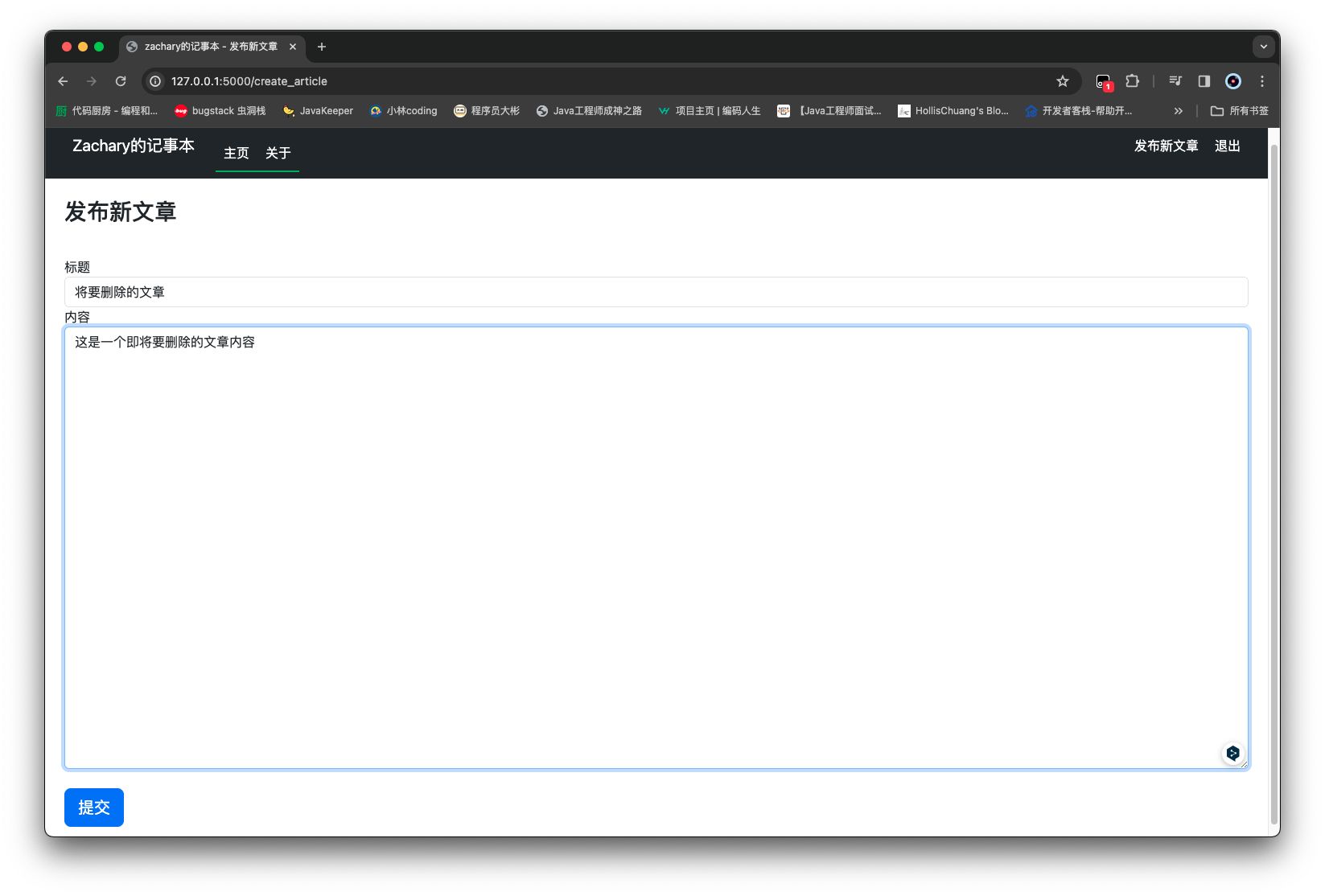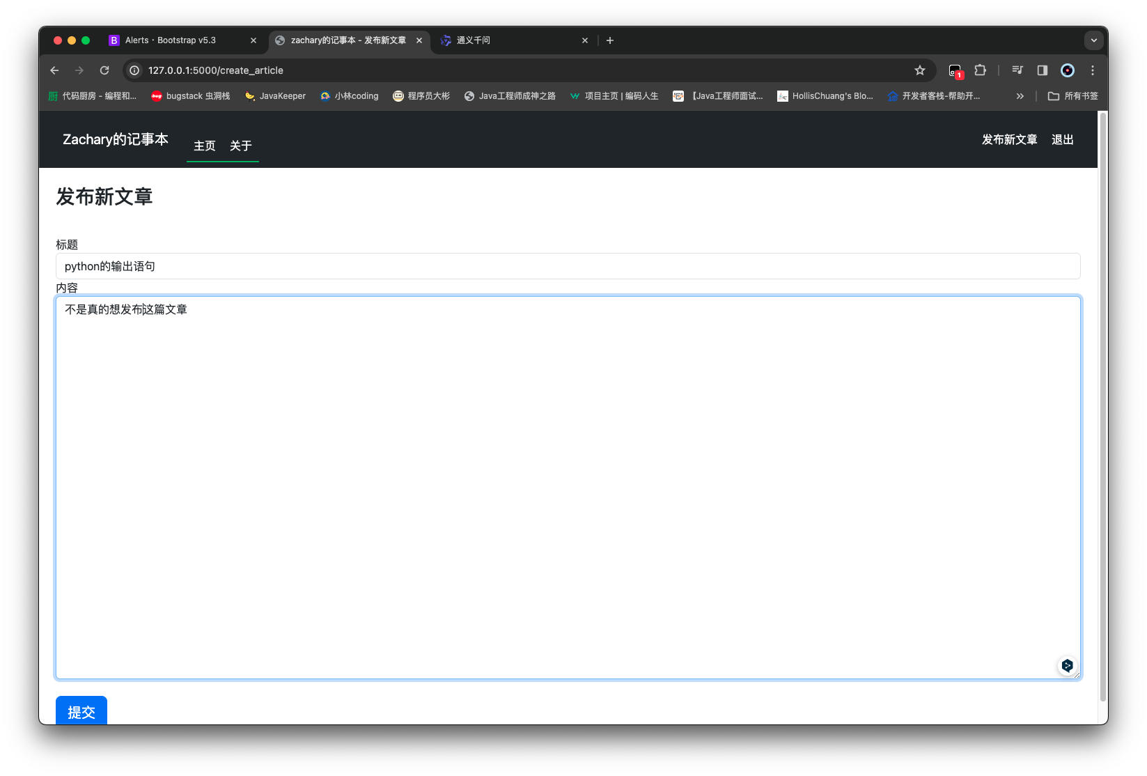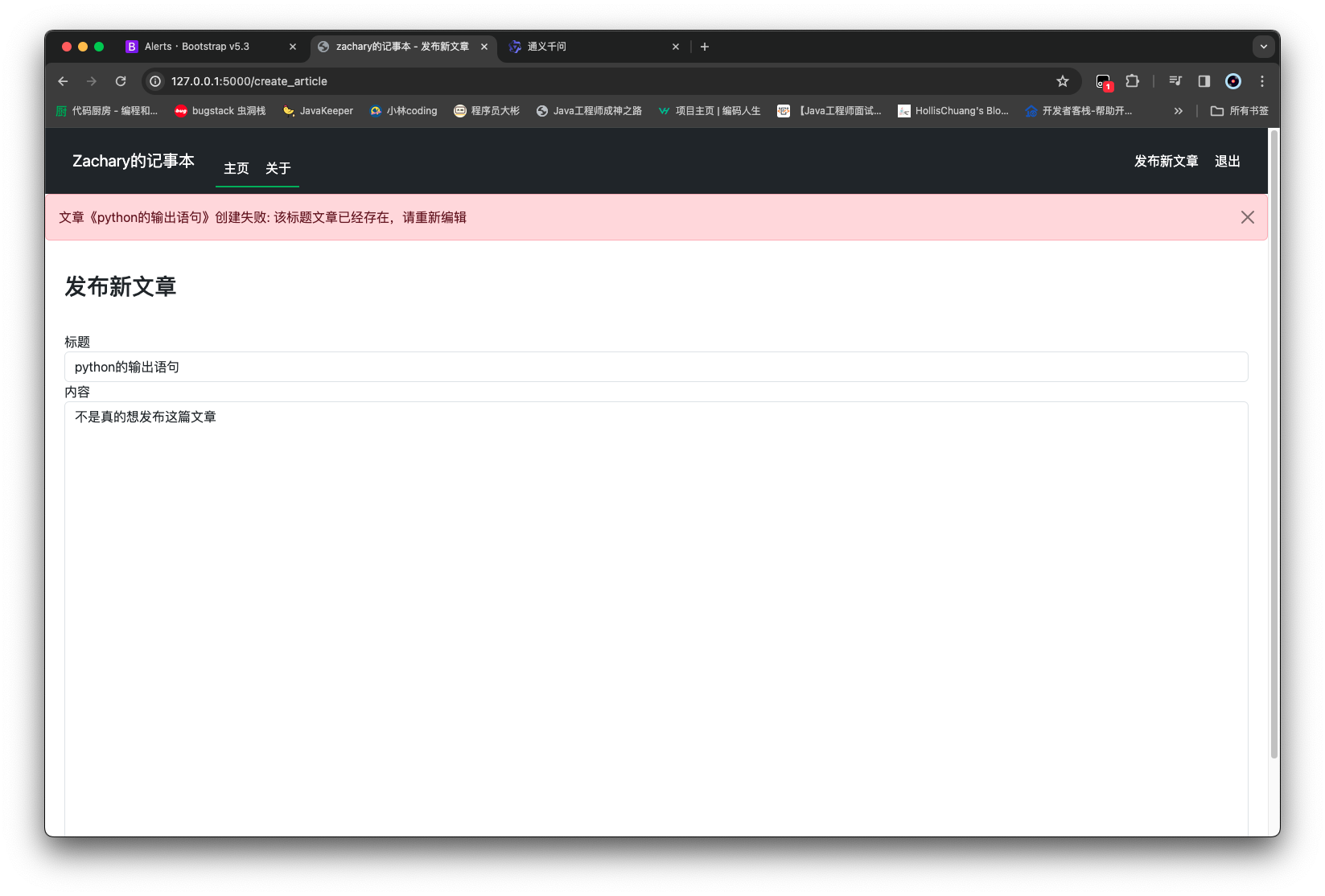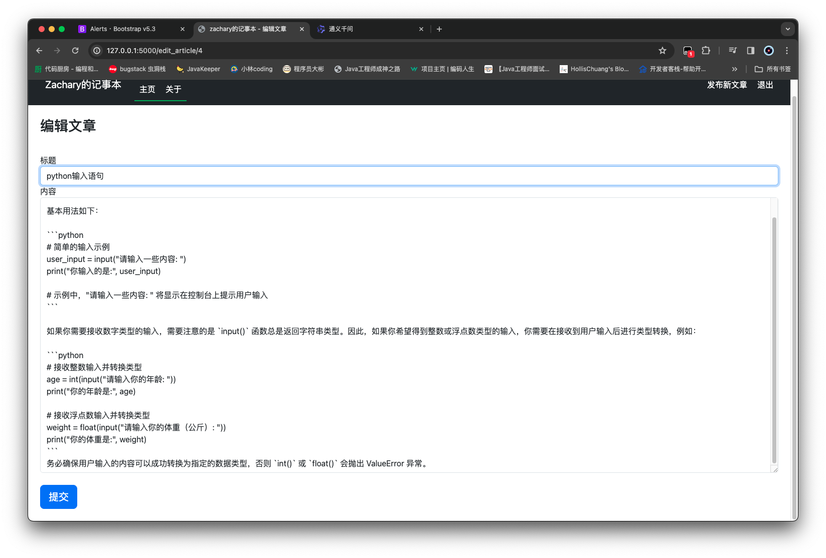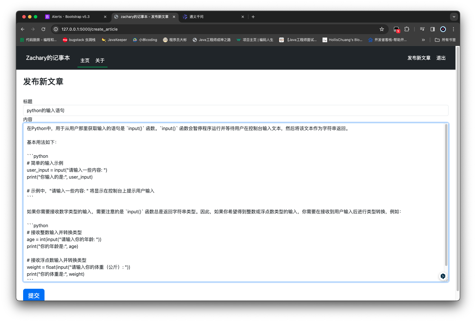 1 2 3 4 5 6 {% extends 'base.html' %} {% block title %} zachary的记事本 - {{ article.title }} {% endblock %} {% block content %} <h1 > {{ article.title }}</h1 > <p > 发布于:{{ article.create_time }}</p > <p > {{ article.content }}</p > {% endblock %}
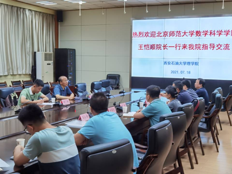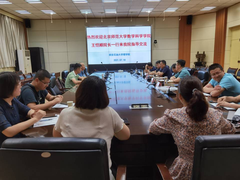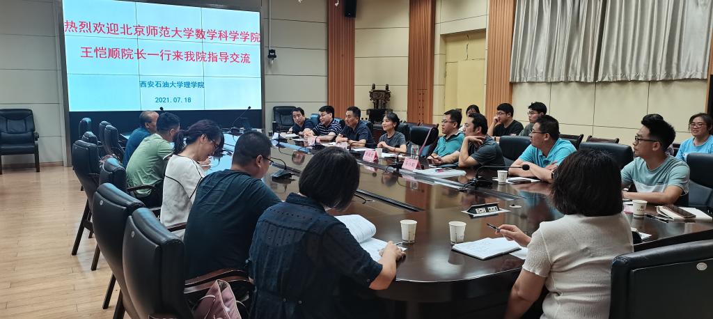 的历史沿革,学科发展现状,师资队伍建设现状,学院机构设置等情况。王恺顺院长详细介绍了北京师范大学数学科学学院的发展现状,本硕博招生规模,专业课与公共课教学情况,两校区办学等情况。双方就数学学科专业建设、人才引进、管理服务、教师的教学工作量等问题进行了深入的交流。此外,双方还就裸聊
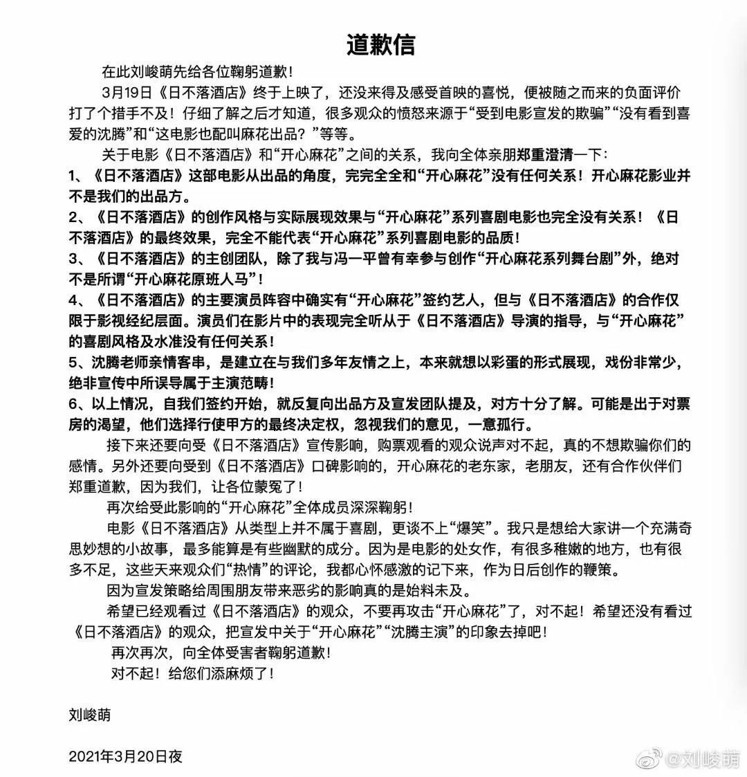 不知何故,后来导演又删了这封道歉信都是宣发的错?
______
Your task is to retype exactly the lines that run from the line with "的历史沿革,学科发展现状,师" through the last line of the material, with the pictures left out.

EXPECTED ANSWER:
 的历史沿革,学科发展现状,师资队伍建设现状,学院机构设置等情况。王恺顺院长详细介绍了北京师范大学数学科学学院的发展现状,本硕博招生规模,专业课与公共课教学情况,两校区办学等情况。双方就数学学科专业建设、人才引进、管理服务、教师的教学工作量等问题进行了深入的交流。此外,双方还就裸聊
 不知何故,后来导演又删了这封道歉信都是宣发的错?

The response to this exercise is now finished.